Immediately after the Hamas attack, Israel launched its offensive with the declared aim of destroying the group. The war has so far killed more than 11,000 people in Gaza, according to the Hamas-run health ministry, including more than 4,500 children.

I ask him what he thought of the civilian casualties. Yakir avoids answering my question directly, except to say that the IDF gives prior warning to evacuate civilians before striking.

But in a war, he says, civilian deaths are unavoidable. "You have to remember, we didn't start this war."

Instead of waiting to be called up, he put himself forward for active duty and tells me that he is fighting to live in a world in which Hamas - which Israel, the UK and other countries consider a terrorist organisation - no longer exists.

"But it was not easy, to leave what seemed like a perfect life for me, until that morning of 7 October."
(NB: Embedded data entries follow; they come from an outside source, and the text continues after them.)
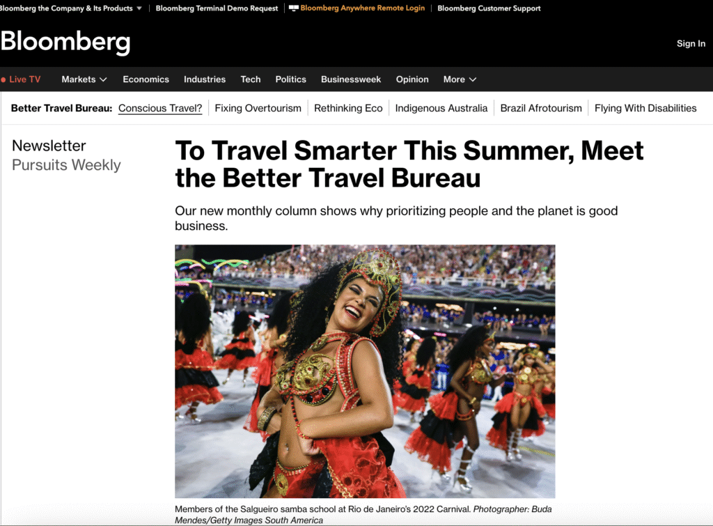 A comprehensive look at my published work, spanning features, guidebooks, branded cultural content and strategy, editorial leadership, as well as consumer, business and cultural reporting on destinations around the world.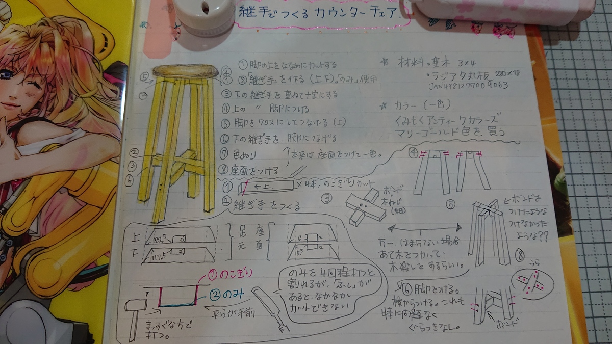 座面はのちに ステインの黒系でぬろうかなと思います。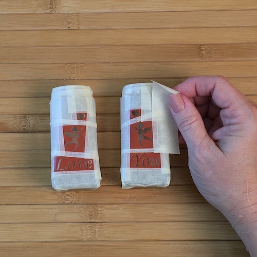 - After preparing the glass, stack the stencils from the bottom upward on one side of the shaker. Place the word at the bottom followed the cherub and then the heart.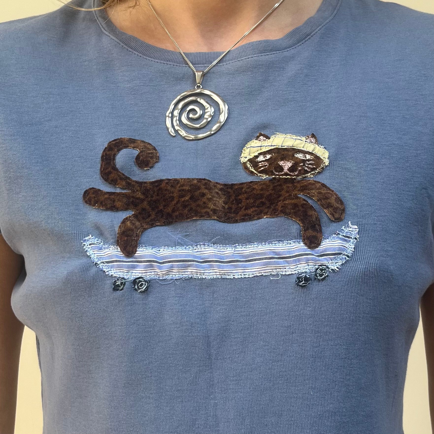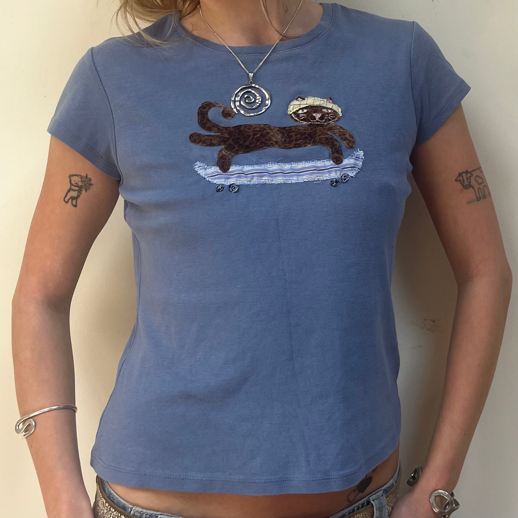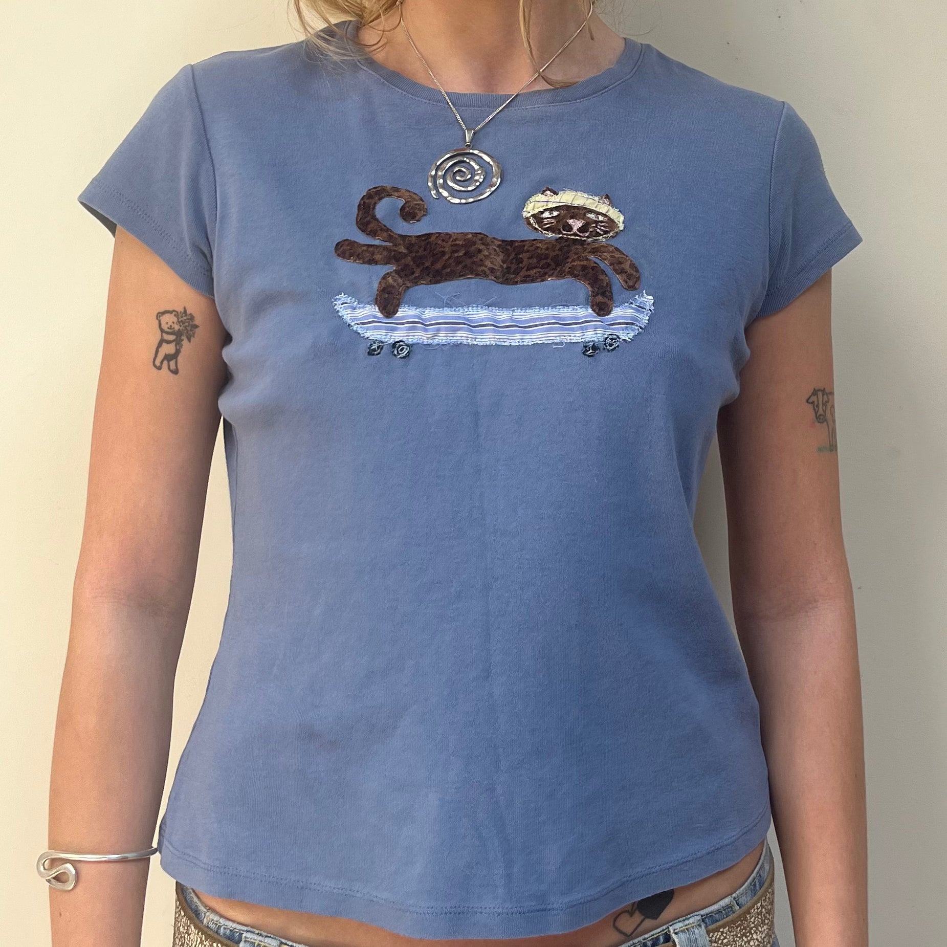 Skateboarding leopard print cat embodied on blue cotton t-shirt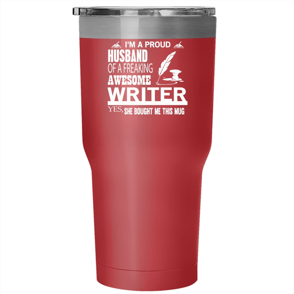 I'm A Proud Husband Of A Writer Tumbler 30 oz Stainless Steel, Cool Writer's Husband Travel Mug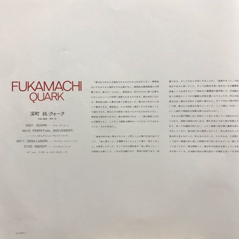 和ジャズ/フュージョンの先駆的鍵盤奏者、深町純が多重録音で制作した80年のアルバム。シンセサがうねりまくりピュンピュン飛び跳ねるパラノイアックなエクスペリメンタル・コズミック・シンセ作品。脳内宇宙旅行に行けるヘッドフォン推奨!

While he was waiting to be deployed, he wanted to make the most of his "normal life" with his boyfriend. They went to the familiar places that they enjoyed visiting before 7 October.

"There's a lake in Ramat Gan national park. I went there with my boyfriend and some other friends. I just wanted to look at the dusk. I felt that it was the last time I was having a normal life before I was going to the army. I was sitting there, looking at the water, and quietly saying goodbye."

Yakir was first deployed in the southern town of Sderot. He spent two weeks patrolling the city's streets. There were reports of Hamas gunmen still at large, and he saw some gunmen being captured.

"I didn't sleep a lot. Fear was waking me up. I was missing my family. I was tired, hungry."

We spoke as Yakir was preparing to enter Gaza, on foot and after nightfall. He didn't know how long his deployment would be.

"Inside Gaza, we won't have any cell phones. The enemy can track them and strike with missiles," he said.

During a recent operation on the Gaza border, Yakir says, the whole unit had only one phone between them - a secure military phone - which he was sometimes able to use to send a short message to his boyfriend to say he was ok. His boyfriend then passed those messages on to his family.

But this time he thinks it might not be so easy to stay in touch.

Yakir just wants to believe that the war will be over quickly, or else that he will be replaced by another soldier, so that he can go back home.

The lives of all Israelis have changed forever, Yakir tells me, and he is driven by a sense of unity that he tells me everyone in Israel feels at the moment. "Feeling unsafe is our national trauma now."

Before the war, the country was deeply divided over the government's controversial judicial overhaul plans, which led to months of protests.

"What happened shocked the country so much that we decided we didn't want to fight with each other anymore," Yakir says. "The 7th of October reunited us. Orthodox and non-Orthodox, right wing and left wing, we're one nation today."

As we end our call, Yakir tells me that he is very afraid.

"I know terrorists can pop up from tunnels, shoot at us and go back into the tunnels."

"Already one officer of my unit has been killed. They can shoot rockets at us, and there are no alerts in Gaza."